The prevalence of dyslipidemia post-OLT ranges from 66% to 85%.23, 25, 26 Gisbert et al.25 reported an increase in the prevalence of dyslipidemia from 8% before liver transplantation to 66% afterwards in 85 transplanted patients followed for over 14 months. In the same study, elevated cholesterol and hypertriglyceridemia developed in 19% and 59%, respectively. Another study reported an increase in the prevalence of both elevated total cholesterol (2.9% pre-OLT versus 15.3%) and triglycerides (18.2% pre-OLT versus 70%) at 6 months post-transplant.26 These data indicate that there is an increased prevalence of dyslipidemia post-OLT, with hypertriglyceridemia being more common than elevated plasma cholesterol. The prevalence of low HDL after transplantation was 48% to 52%.7, 23

Posttransplant Development of Nonalcoholic Fatty Liver Disease (NAFLD)

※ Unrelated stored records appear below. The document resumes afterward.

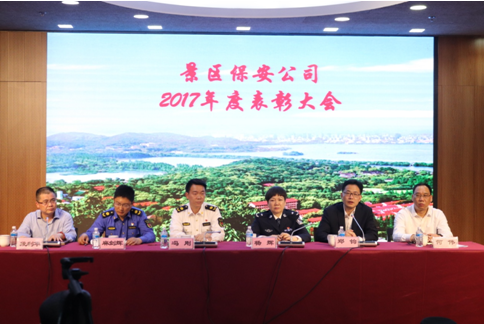 4月2日下午,集团下属景区保安公司在西湖博物馆召开2017年度工作总结暨表彰大会。集团公司党委书记、董事长郑钧,景区保安公司总经理段利华、财务总监何伟及公司各部门(大队)负责人、保安骨干、先进个人等130余人参加会议。区(局、委)党委委员、景区公安分局党委书记、局长杨辉,景区行政执法局党委书记、局长冯刚,景区行政执法局党委委员、副局长麻剑辉应邀出席。会议由景区保安公司总经理段利华主持。
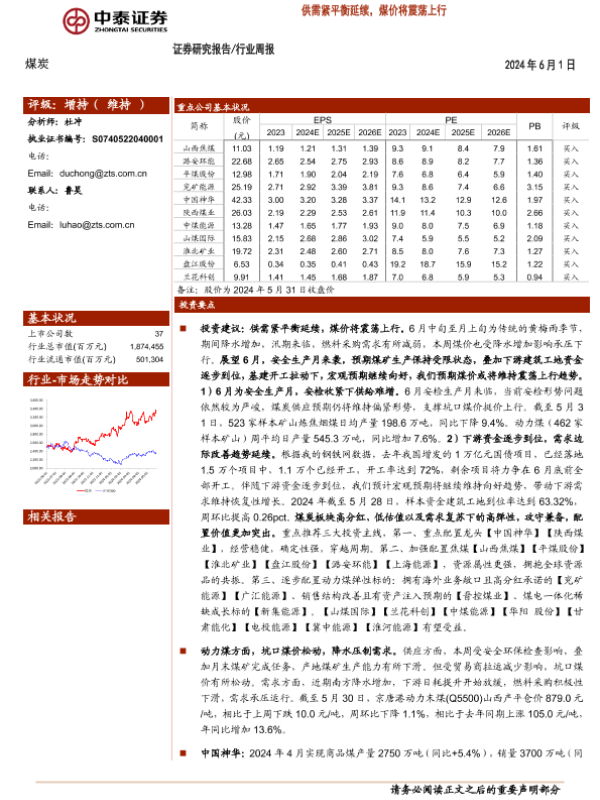 【中泰证券】【20240601】20240601-中泰证券-煤炭行业周报:供需紧平衡延续,煤价将震荡上行-28页 行业研究
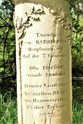 Hier ruhen (Namen Offiziere) Sämtlich vom Hannoverschen Füsilier Regiment No. 73 Sie starben den Heldentod mit Gott für König und Vaterland am 14. August 1870 im Gefecht von Metz. Ihrem Gedächtnis und den in demselben Gefecht gebliebenen 15 Unterofficieren und 136 Füsilieren desselben Regiments weiht dieses Denkmal das Officier-Corps.
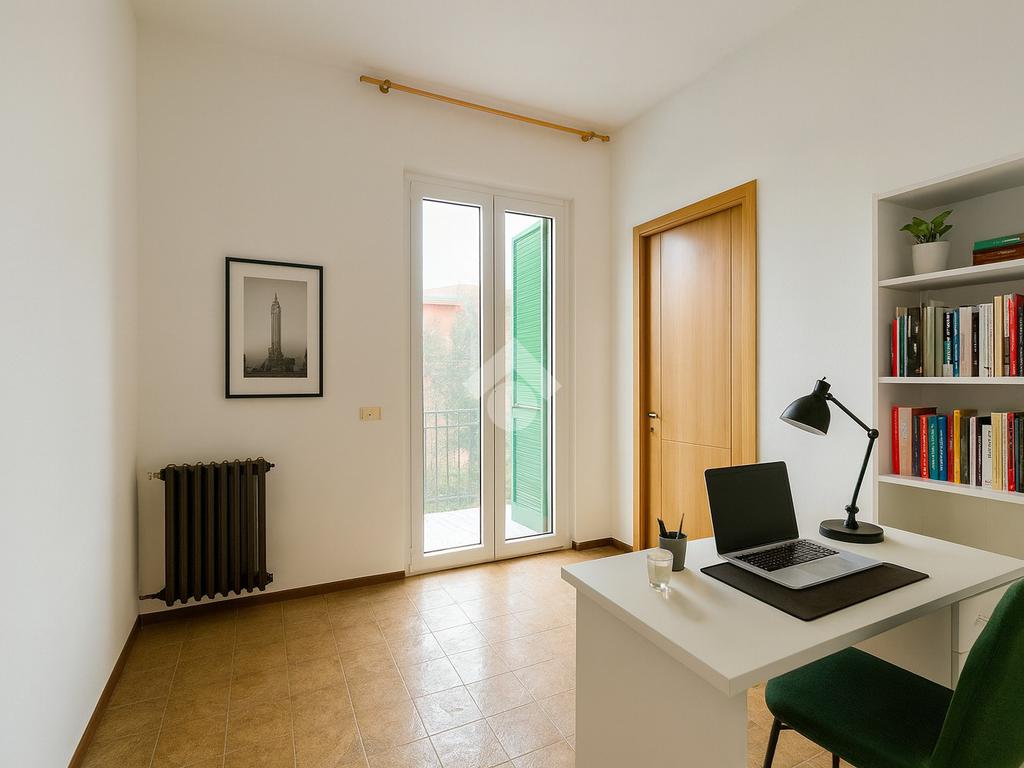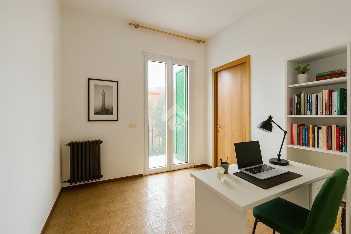 L'immobile si sviluppa su due livelli collegati da scala interna; al piano terra zona giorno con sala da pranzo collegata direttamente al giardino tramite porta-finestra, rispostiglio e bagno; al piano primo tre camere da letto matrimoniali, bagno e studio con terrazzo.
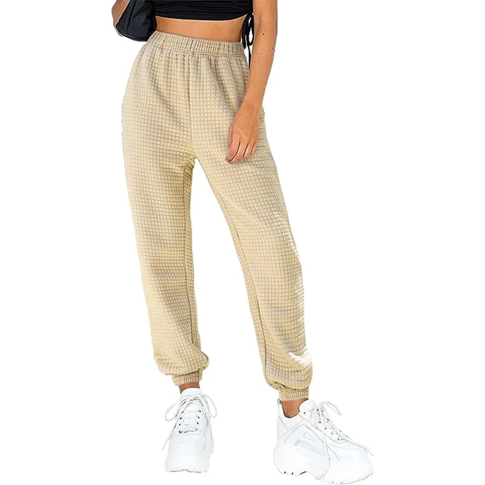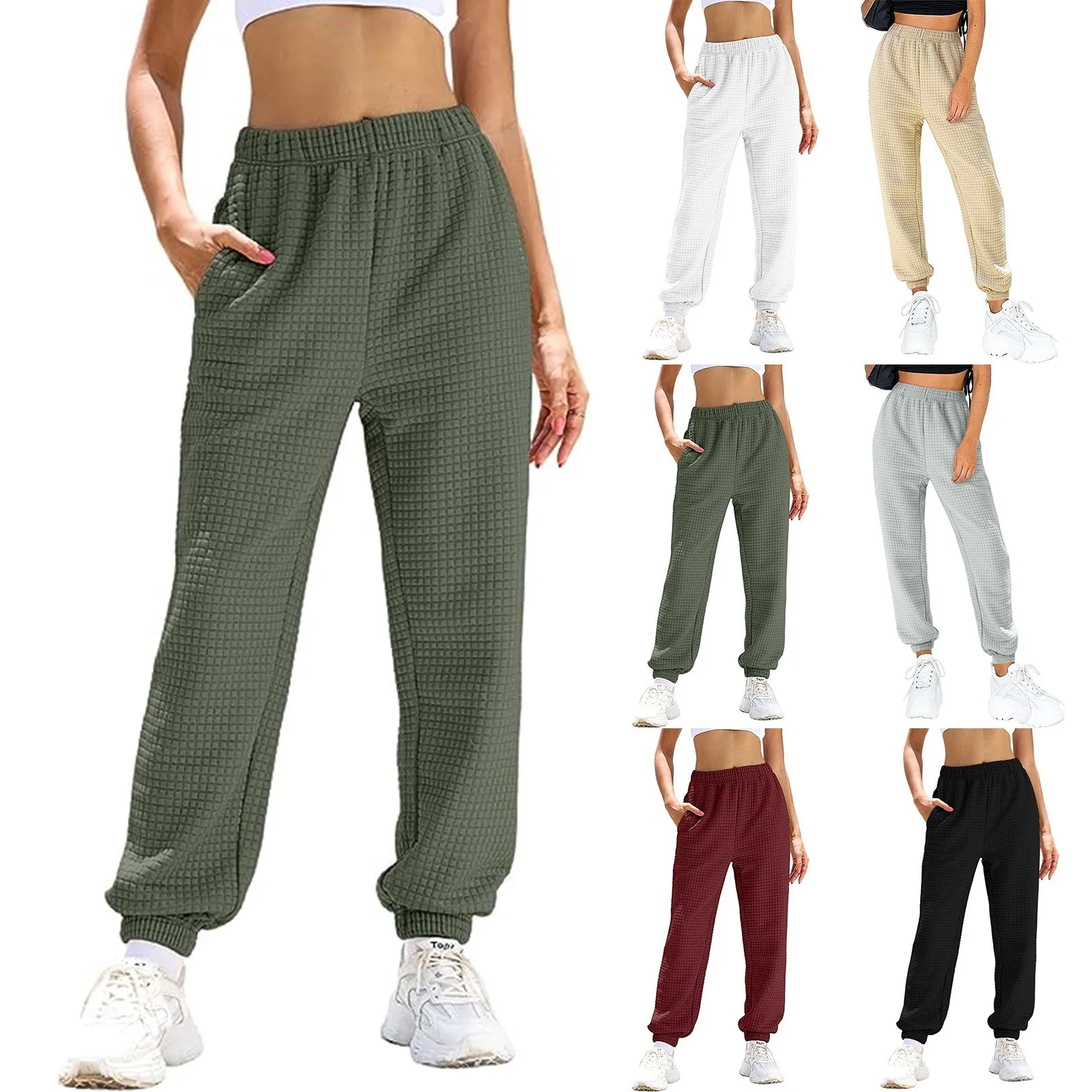Name | Women'S New Waffle Casual Pants Elastic Waist Pocket Fashion Corset Pants Solid Color Casual All Match Comfortable Long Pants |

NAFLD is a spectrum of diseases ranging from simple hepatic steatosis to the more severe form, nonalcoholic steatohepatitis (NASH), and NASH cirrhosis. Both recurrent NAFLD and de novo NAFLD have been recognized post-OLT. A number of case reports initially suggested the recurrence of NAFLD post-transplant.27–29 Among 16 patients transplanted for NASH cirrhosis, the development of posttransplant NAFLD at the end of 1 year post-OLT was reported in 60%, and a third of these patients developed NASH, with progression to cirrhosis in 12.5%.30 In a cohort of patients transplanted for cryptogenic cirrhosis, the development of fatty liver at the end of 1 year after OLT was observed in 52% of the subjects. In the same study, the time-dependent risk of developing allograft steatosis was 100% by 5 years versus 25% among those transplanted for alcoholic or cholestatic disease.31

The development of NAFLD after liver transplantation for non-NASH cirrhosis is also being increasingly recognized. The occurrence of NAFLD post-OLT was first reported in 4 patients transplanted for a disease other than NAFLD.32 This finding was confirmed in subsequent studies,33, 34 which found NAFLD in 18% and 40% of the patients post–liver transplantation. Of particular concern was the finding of NASH in 9% to 13% of these patients.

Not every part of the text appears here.